Description of the task -
For this listing, the lines between the one holding "11月6日,js3845金沙" and the one holding "Finestra soprapubica •", inclusive, must be set down exactly.

Information -
________________________________________

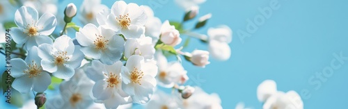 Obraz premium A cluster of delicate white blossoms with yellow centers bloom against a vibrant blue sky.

________________________________________

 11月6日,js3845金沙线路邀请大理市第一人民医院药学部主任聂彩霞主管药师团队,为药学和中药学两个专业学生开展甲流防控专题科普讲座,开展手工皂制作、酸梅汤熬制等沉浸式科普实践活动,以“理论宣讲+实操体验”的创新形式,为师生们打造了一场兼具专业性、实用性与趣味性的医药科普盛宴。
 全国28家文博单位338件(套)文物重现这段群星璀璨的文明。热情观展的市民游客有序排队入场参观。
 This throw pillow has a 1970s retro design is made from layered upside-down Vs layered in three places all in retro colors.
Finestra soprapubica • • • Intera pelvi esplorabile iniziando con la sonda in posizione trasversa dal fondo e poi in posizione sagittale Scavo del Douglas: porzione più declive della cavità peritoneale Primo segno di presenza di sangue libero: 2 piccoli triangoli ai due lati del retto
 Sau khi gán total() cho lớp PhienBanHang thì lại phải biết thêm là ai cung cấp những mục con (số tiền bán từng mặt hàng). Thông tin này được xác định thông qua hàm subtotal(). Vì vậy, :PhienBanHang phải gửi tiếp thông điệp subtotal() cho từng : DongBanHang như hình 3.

________________________________________

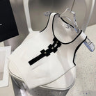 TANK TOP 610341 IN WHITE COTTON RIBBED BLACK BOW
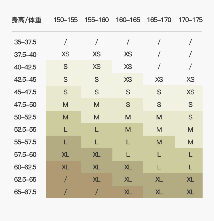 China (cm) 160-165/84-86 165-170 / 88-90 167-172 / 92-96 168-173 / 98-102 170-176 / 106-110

________________________________________

Answer to the problem -
 11月6日,js3845金沙线路邀请大理市第一人民医院药学部主任聂彩霞主管药师团队,为药学和中药学两个专业学生开展甲流防控专题科普讲座,开展手工皂制作、酸梅汤熬制等沉浸式科普实践活动,以“理论宣讲+实操体验”的创新形式,为师生们打造了一场兼具专业性、实用性与趣味性的医药科普盛宴。
 全国28家文博单位338件(套)文物重现这段群星璀璨的文明。热情观展的市民游客有序排队入场参观。
 This throw pillow has a 1970s retro design is made from layered upside-down Vs layered in three places all in retro colors.
Finestra soprapubica • • • Intera pelvi esplorabile iniziando con la sonda in posizione trasversa dal fondo e poi in posizione sagittale Scavo del Douglas: porzione più declive della cavità peritoneale Primo segno di presenza di sangue libero: 2 piccoli triangoli ai due lati del retto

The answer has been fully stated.